POOR POSTURE Along the same lines as sitting too long is the problem of poor posture. While hours of sitting can cause a problem, there are other culprits that drive you to hunch over. Your computer screen and keyboard might be too low, forcing you to lean down. Change up your workspace by raising your screen or the surface where your keyboard rests. You should be staring straight ahead at your screen and your keyboard should be even with your forearms when your elbows are bent at a 45-degree angle.

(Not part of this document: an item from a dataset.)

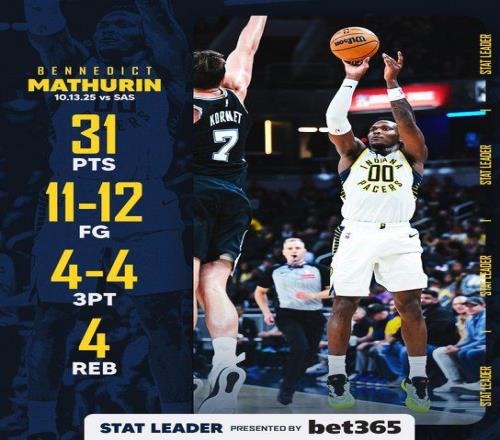 本场比赛,马瑟林首发出战23分钟,投篮12中11,三分4中4,罚球5中5,得到31分4篮板1助攻1抢断,正负值+11。
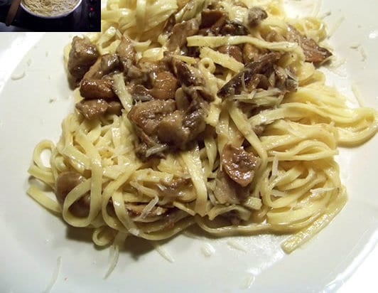 Pendant ce temps faites cuire les fettuccini dans une grande quantité d’eau salée. Egouttez-les, et mélangez dans la poêle avec les cèpes, en remettant 1 à 2mn sur le feu de façon à ce que l’ensemble soit bien amalgamé.

MENTAL FATIGUE When you worked remotely throughout the pandemic, you might have had the flexibility of setting your schedule and breaking up your hours when you’re most productive. When you’re working in an office, it’s very likely you have no option but to work the 9-to-5 business hours. These long periods of concentration can be a drain on you mentally, particularly if it’s exacerbated by stress, sensory distractions, or workplace drama. If you can, take frequent breaks, even if it’s only for five minutes. Disengage from work when you leave the office and get plenty of sleep at night so you can approach each day feeling refreshed.
NUTRITION Unless you take the time to pack your lunch every day, your options for food are usually limited to takeout from the nearest restaurant or deli. Depending on what you order, you could end up with a meal that has double the calories, fat, and sugar of something you would bring from home. If you’re looking to improve your diet when you’re at the office, the best thing you can do is take 10 minutes to pack a lunch every day (leftovers from last night’s dinner work great). If that’s not an option, at least keep your desk stocked with plenty of healthy snacks like nuts, fruit, and whole-grain crackers.